While height images of the hRBC showed only faint protrusions due to the cell curvature (Fig. 6B), the deconvoluted image allowed several topographical heterogeneities to be observed (Fig. 6C, highlighted by circles). The size of these heterogeneities varies from 50 to 500 nm in diameter and from 10 to 100 nm in height. Correlation with Young's modulus map analyzed at high load revealed that these three domains also present a mechanical behavior that differs from the surrounding environment. This clearly highlights that heterogeneities in the local PM composition are linked to local particular nanomechanical properties. On hRBCs, topographical protrusions coincide with a softer domain (Fig. 6E). To further put in evidence these observations, we performed simultaneous cross-sections of the fluorescence microscopy, height and Young's modulus images on the observed domains. The height measured by the AFM tip on soft surfaces will usually be lower than the true height of the sample, due to the deformation applied while scanning. We circumvented this issue through a pixel-by-pixel reconstruction of the real height of the sample, by adding the deformation and the measured height channels. The corrected real height cross-section along the SM domain shows that it is ∼120 nm high and that its position is well correlated with a peak in the intensity of the fluorescence signal and a valley in the Young's modulus cross-section (Fig. 6E). We exclude the possibility of the identified SM domains being membrane vesicles, based on DIC images. We also performed control experiments on 4% PFA fixed hRBCs and observed the presence of SM-enriched domains with corresponding local nanomechanical heterogeneities similar to the ones found on living hRBCs (Fig. S5, ESI).

Similarly, we investigated sRBCs (Fig. 6F–J) and observed that a fluorescent SM domain (Fig. 6F) coincides to a protrusion in the height image (Fig. 6G and H) as well as an heterogeneity in the Young's modulus map (Fig. 6I). Simultaneous cross-sections along the SM domain show that the peak in the fluorescence image is again well correlated with the height protrusion and a maximum in the Young's modulus observed by AFM (Fig. 6J). However, in contrast to hRBCs, cross-sections of height and Young's modulus revealed that the protrusion is stiffer that the surrounding PM. Real height of the SM domain is ∼86 nm. Other smaller protrusions are observed in the height images of both hRBCs and sRBCs (indicated by white arrows) and similarly to the SM domain, they appear as local maxima or minima in the Young's modulus maps. We believe that these heterogeneities could also represent lipid domains, however with smaller size below the diffraction limit and not resolved by our optical microscope, or other domains enriched with different lipids (see additional images in Fig. S4, ESI). Accordingly, combined AFM and fluorescence microscopy imaging identified submicrometric SM-enriched domains on the surface of RBC that were either softer or stiffer than the surrounding areas. These domains could have a direct relevance for cell deformation while navigating through microcirculation vessels and during spleen filtration.
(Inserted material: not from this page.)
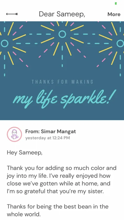 We hope you enjoy using DearYou to send little bites of love to the people you care about. Our app offers hundreds of free digital cards that you can easily send to any of your contacts with a custom note.

Here, we introduced an AFM-based approach to investigate the 3D architecture and mechanics of RBCs at the nanoscale and to determine how this architecture is altered in pathological states/conditions. We first confirmed that spherocytic RBCs are stiffer than healthy RBCs, a finding that can be directly related to the disease in which RBCs are less deformable, and therefore less compliant to the deformation during the splenic filtration across small pores ∼3 μm of diameter.53,54 Through a novel vertical segmentation approach on RBCs, we were able to isolate the contributions of the cytoskeleton and the PM from overall cell mechanics. We discovered that the cytoskeleton plays a major role in RBC mechanics. For patients with hereditary spherocytosis, the contribution of the cytoskeleton was strongly enhanced and can be related to their β-spectrin gene mutations leading to a reduced spectrin density and a stiffer cytoskeleton.47,55,56 Correlated AFM and fluorescence imaging also revealed that the membrane lateral heterogeneity could influence the local mechanical properties of the RBCs. Therefore, our approach has demonstrated a novel correlation between the local lipid composition and RBC surface nanomechanics. We suggest that these lipid domains contribute to the membrane homeostasis and to their mechanobiological function by their direct implication in local cellular deformations. Our nanoscale observation provides direct links with membrane RBC pathologies (e.g. spherocytosis, elliptocytosis,…) and opens up new avenues for understanding of these RBC diseases.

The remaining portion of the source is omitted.